Control Etekcity Voltson smart plugs via your local mqtt server rather than Etekcity's cloud. Keeps all data local.
- I installed in a python virtualenv using Python 3.6.5
- Uses paho.mqtt
- Uses python-websocket-server
- You need to redirect server2.vesync.com to the computer running voltlet. With dnsmasq you add a config line like this "list address '/server2.vesync.com/192.168.1.10'". Replace 192.168.1.10 with your server IP address
- Restart your plugs so that they connect to the local server.
- Send "true" to turn on the plug to
/voltson/{plug-uuid}
- Send "false" to turn off the plug to
/voltson/{plug-uuid}
- Plugs send "true" or "false" to
/voltson/{plug-uuid}/state
once they've actually changed state. Messages are retained. - Plugs send "online" or "offline" to
/voltson/{plug-uuid}/availability
depending on whether they are connected. Messages are not retained. - Plugs send json {"instantpower": 9.098388671875, "avgpower": 9.094970703125, "instantvoltage": 121.09814453125, "avgvoltage": 120.196044921875} to
/voltson/{plug-uuid}/energy
Messages are not retained.
switch:
- platform: mqtt
command_topic: "/voltson/UUID-GOES-HERE"
state_topic: "/voltson/UUID-GOES-HERE/state"

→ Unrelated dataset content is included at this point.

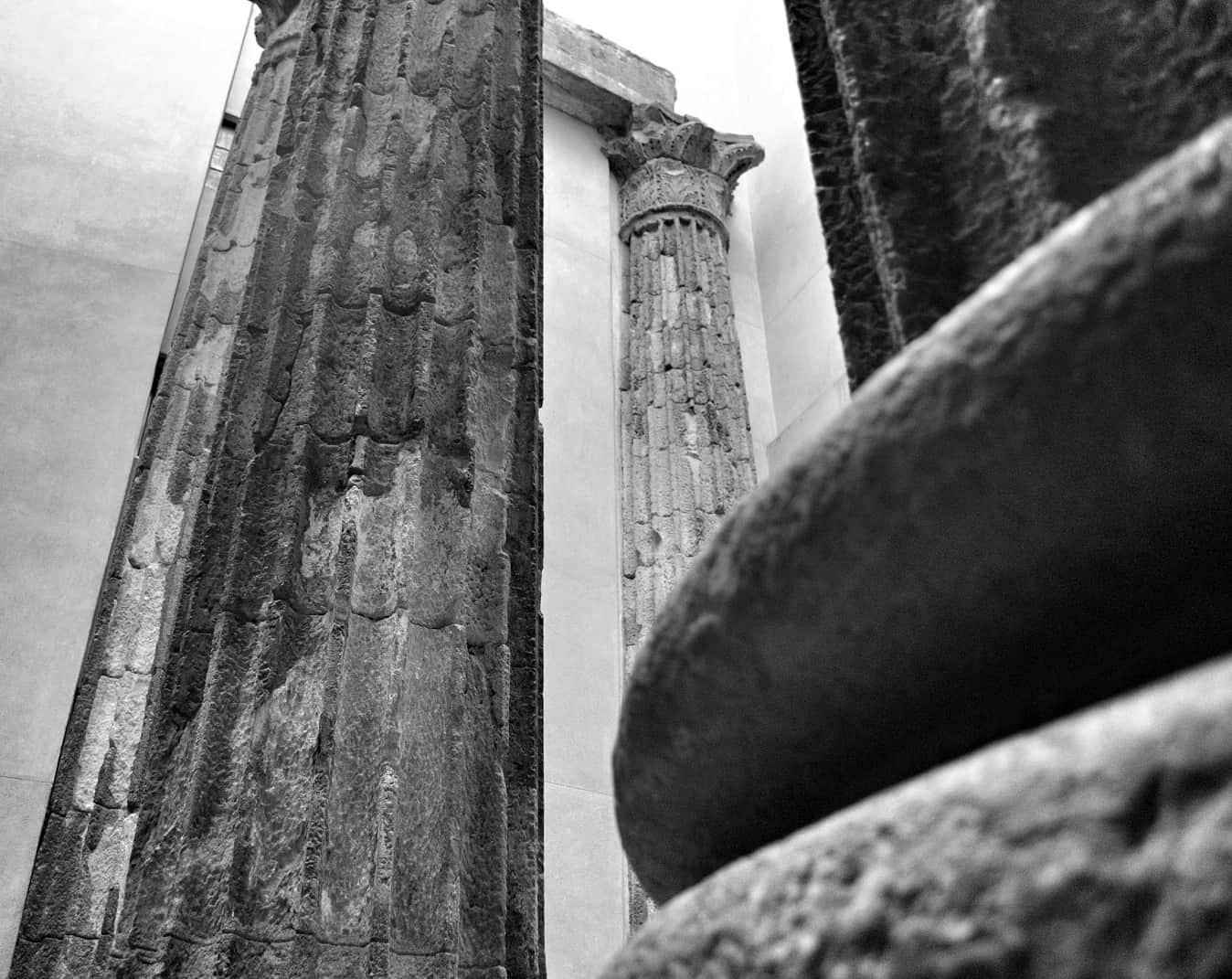 In Plaça Nova features two sections of Roman wall and two square towers from the second city wall, built in the fourth century AD. It was here that carriages and pedestrians once entered the city from the north through the main gate called Porta Praetoria.

availability_topic: "/voltson/UUID-GOES-HERE/available"
retain: true
payload_on: 'true'
payload_off: 'false'
sensor:
- platform: mqtt
name: "Spare Vesync switch power"
state_topic: "voltson/UUID-GOES-HERE/energy"
unit_of_measurement: "W"
value_template: '{{ value_json.instantpower|int }}'
- platform: mqtt
name: "Spare Vesync switch voltage"
state_topic: "voltson/UUID-GOES-HERE/energy"
unit_of_measurement: "V"
value_template: '{{ value_json.instantvoltage|int }}'
- voltlet the inspiration. Wrote in python because I wanted to learn the language.
- vesync-wsproxy this project just proxies the connect to the cloud server to spy on what happens. I'd rather keep my data local.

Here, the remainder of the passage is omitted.